PROBLEM TO WORK ON: Your task is to copy the stretch of lines in the records below that begins with the line containing "Hierdoor kan je" and ends with the line containing "In very good", exactly as written, with nothing added.

INPUT RECORDS:
= = = = =

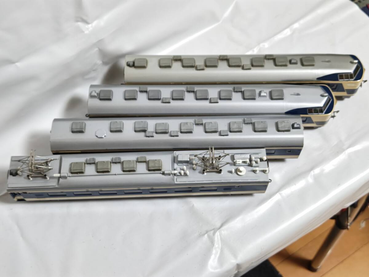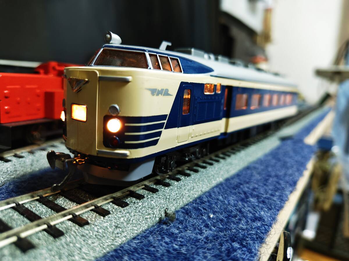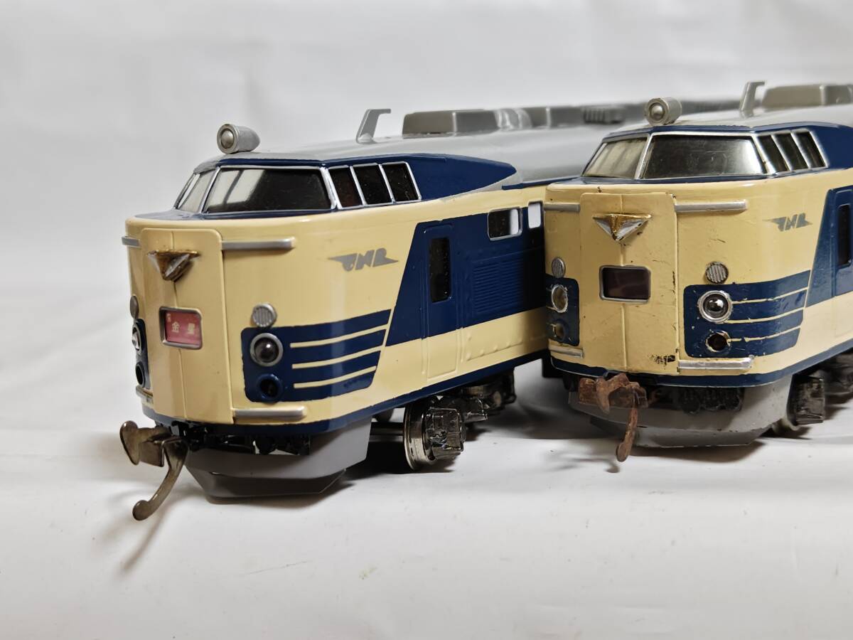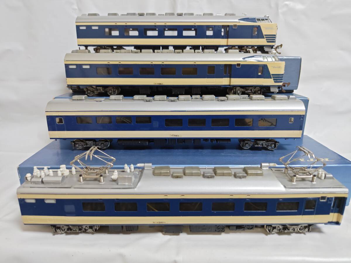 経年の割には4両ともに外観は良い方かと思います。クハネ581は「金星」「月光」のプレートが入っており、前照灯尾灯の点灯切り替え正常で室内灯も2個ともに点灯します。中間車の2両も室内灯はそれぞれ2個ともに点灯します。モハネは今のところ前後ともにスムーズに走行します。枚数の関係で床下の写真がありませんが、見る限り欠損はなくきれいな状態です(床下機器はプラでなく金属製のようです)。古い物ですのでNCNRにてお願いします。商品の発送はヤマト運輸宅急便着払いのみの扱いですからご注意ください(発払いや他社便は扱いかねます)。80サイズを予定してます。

= = = = =

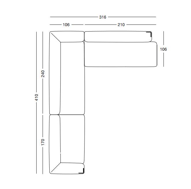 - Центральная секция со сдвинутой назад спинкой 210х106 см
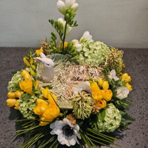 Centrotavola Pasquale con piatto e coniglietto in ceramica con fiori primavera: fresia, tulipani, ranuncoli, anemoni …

= = = = =

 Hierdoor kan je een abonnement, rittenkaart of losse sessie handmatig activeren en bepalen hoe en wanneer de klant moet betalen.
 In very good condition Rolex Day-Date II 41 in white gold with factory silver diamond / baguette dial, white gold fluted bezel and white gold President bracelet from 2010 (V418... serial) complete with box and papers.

= = = = =

SOLUTION TO THE PROBLEM:
 Hierdoor kan je een abonnement, rittenkaart of losse sessie handmatig activeren en bepalen hoe en wanneer de klant moet betalen.
 In very good condition Rolex Day-Date II 41 in white gold with factory silver diamond / baguette dial, white gold fluted bezel and white gold President bracelet from 2010 (V418... serial) complete with box and papers.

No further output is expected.